- The paper presents a novel algorithm that learns sample-specific annotator error dependencies through label fusion.
- It leverages weight vectors and confusion matrices, approximated using the Birkhoff-von Neumann theorem, to refine label reliability.
- Extensive experiments on MNIST, CIFAR-100, and ImageNet-100 show improved accuracy over traditional noisy label methods.
Learning from Multiple Annotator Noisy Labels via Sample-wise Label Fusion
Introduction
The paper "Learning from Multiple Annotator Noisy Labels via Sample-wise Label Fusion" (2207.11327) investigates the challenge of training classifiers using datasets with multiple noisy labels. Particularly, it addresses situations where annotators provide inconsistent or erroneous labels due to subjective biases or economic constraints, which is a common occurrence in real-world applications.

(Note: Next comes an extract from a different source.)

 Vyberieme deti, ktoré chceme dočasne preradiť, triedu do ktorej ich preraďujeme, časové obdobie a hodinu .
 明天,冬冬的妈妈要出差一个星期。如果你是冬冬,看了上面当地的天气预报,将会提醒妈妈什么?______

Unlike existing methods that typically assume uniformity in annotator error parameters across data samples, this study introduces a novel algorithm that learns label error dependencies both annotator-wise and sample-wise.
Proposed Method
The authors propose an algorithm that employs sample-wise label fusion, where for each input data sample, the algorithm simultaneously learns weight vectors and confusion matrices specific to that sample. The confusion matrix captures an annotator's labeling tendencies, while the weight vector adjusts the influence of each annotator's labels on the final label prediction. The method leverages the Birkhoff-von Neumann theorem to approximate these sample-specific parameters, thus making the model computationally feasible.

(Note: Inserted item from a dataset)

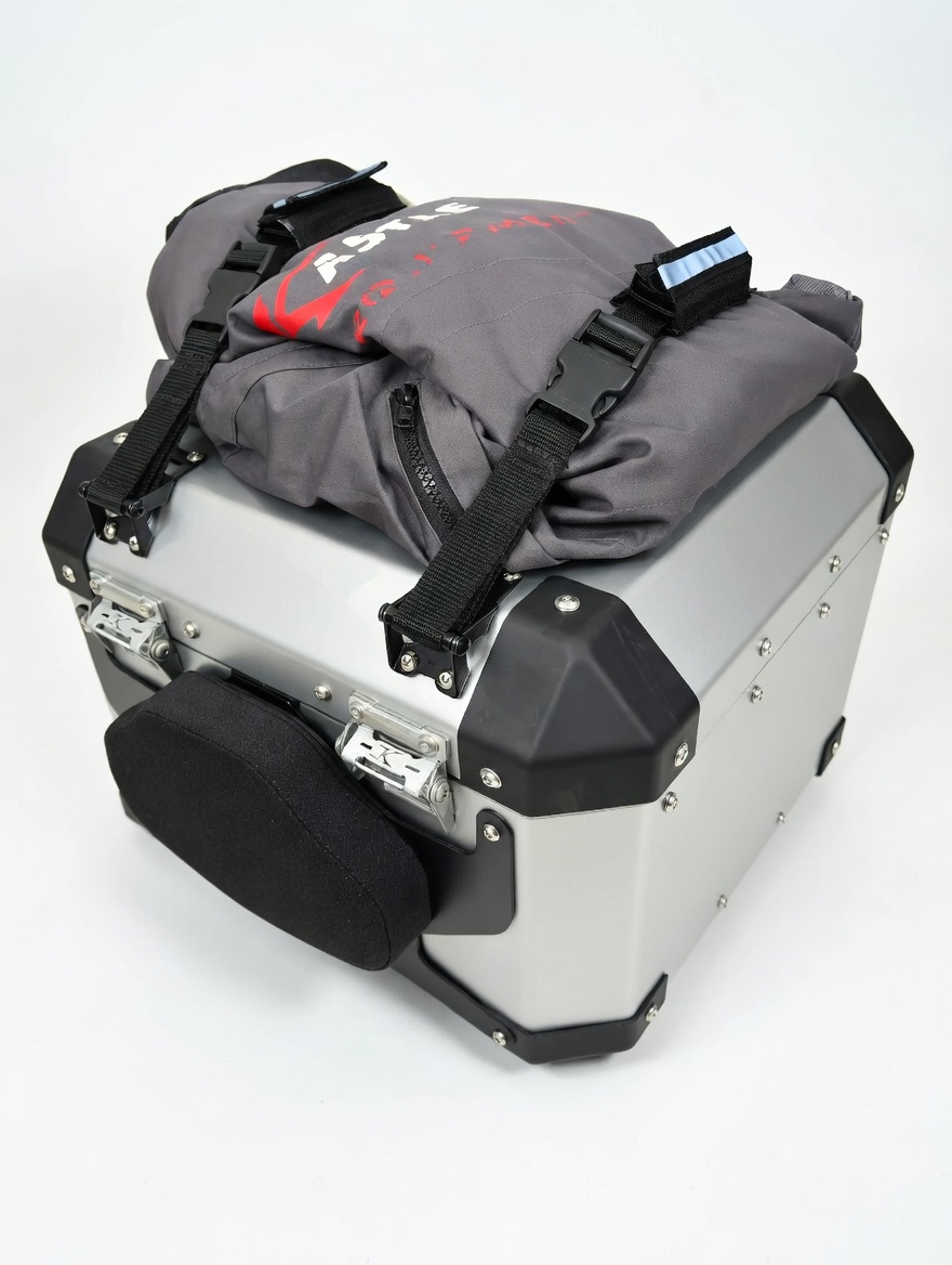Utilizzabile con tutte le valigie e i sistemi di trasporto FrenkCastle e con la maggior parte dei portapacchi moto.

The training process involves minimizing a composite loss function that includes a KL divergence term between the model's predictions and the approximated clean label, as well as a regularization term to ensure that confusion matrices reflect realistic annotator behavior.
Figure 1: Training flow of the proposed method highlighting the role of confusion matrices and weight vectors in prediction.
Experimental Results
The efficacy of the proposed method is demonstrated through experiments on datasets such as MNIST, CIFAR-100, and ImageNet-100. The method outperformed state-of-the-art approaches like TraceReg and MBEM across various metrics and conditions. For example, on the MNIST dataset under varying annotator skills, the proposed method consistently yielded higher classification accuracy compared to baselines, even in scenarios with considerably noisy labels.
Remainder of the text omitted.